Sessions are stored on the machine that ran them (`~/.codex/sessions/`), so resuming only works on the same server instance.

## Tools

Two kinds of tools flow through this adapter:

1. **Built-in harness tools** are executed by Codex itself and stream back as tool-call events with results already attached: `command_execution` (shell), `file_change` (patches), `web_search`, and `todo_list` (the agent's running plan). Your code never executes them.
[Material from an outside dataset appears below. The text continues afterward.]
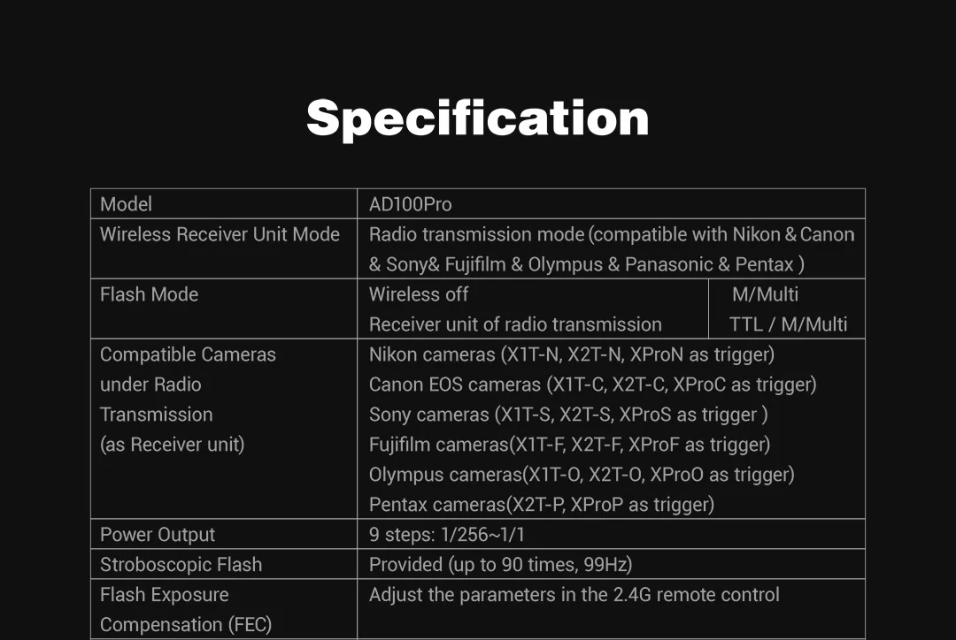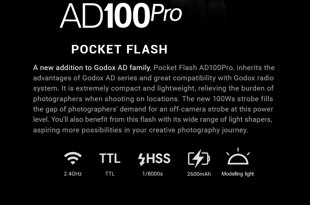 Godox AD100 Pro Вспышка AD100Pro 100Ws 2,4G HSS 18000s TTL наружная карманная вспышка Speedlight для Sony Nikon Canon Fujifilm

2. **Your TanStack tools** are bridged *into* the harness: the adapter starts a short-lived Streamable-HTTP MCP server on `127.0.0.1` for the duration of the turn and points Codex at it. Define tools as usual with `toolDefinition().server()`; tool-call events come back under the names you registered.

```typescript
import { z } from "zod";
import { chat, toolDefinition } from "@tanstack/ai";
import { codexText } from "@tanstack/ai-codex";

const lookupTicket = toolDefinition({
  name: "lookup_ticket",
  description: "Look up an issue ticket by id",
  inputSchema: z.object({ ticketId: z.string() }),
}).server(async ({ ticketId }) => {
  return { ticketId, status: "open", title: "Crash on startup" };
});

const stream = chat({
  adapter: codexText("gpt-5.1-codex"),
  messages: [{ role: "user", content: "What's the status of ticket T-123?" }],
  tools: [lookupTicket],
});
```

**Client-side and approval-gated tools are not supported.** The harness executes tools inside a live subprocess, which cannot pause across HTTP requests to wait for a browser round-trip or a human approval. Passing a tool without a server `execute()` implementation — or one marked `needsApproval` — fails fast with a descriptive error. Run those tools outside the harness with a regular provider adapter.

## Structured Output

`structuredOutput()` uses Codex's native `outputSchema` support in a fresh, read-only, one-shot thread whose final message is a JSON string conforming to your schema. It works for finalization after a chat, but a plain provider adapter (e.g. `@tanstack/ai-openai`) is the better choice when structured extraction is the primary job — it's faster and doesn't spawn a subprocess.

## Limitations

- **No token-level text streaming.** The Codex SDK reports assistant text and reasoning only as completed items, so text arrives message-at-a-time. Tool activity (commands starting/finishing) still streams live, which keeps the UI feeling alive during long turns.
- **Server-only (Node).** The harness spawns a subprocess.
- **The harness owns the agent loop.** TanStack's agent-loop strategies and per-iteration middleware don't apply inside a harness turn.
- **No sampling controls.** `temperature`-style options don't exist here.
- **Sessions are machine-local.** Resume requires hitting the same server instance.
- **Cold starts.** Each call spawns a harness turn; expect higher first-token latency than HTTP adapters.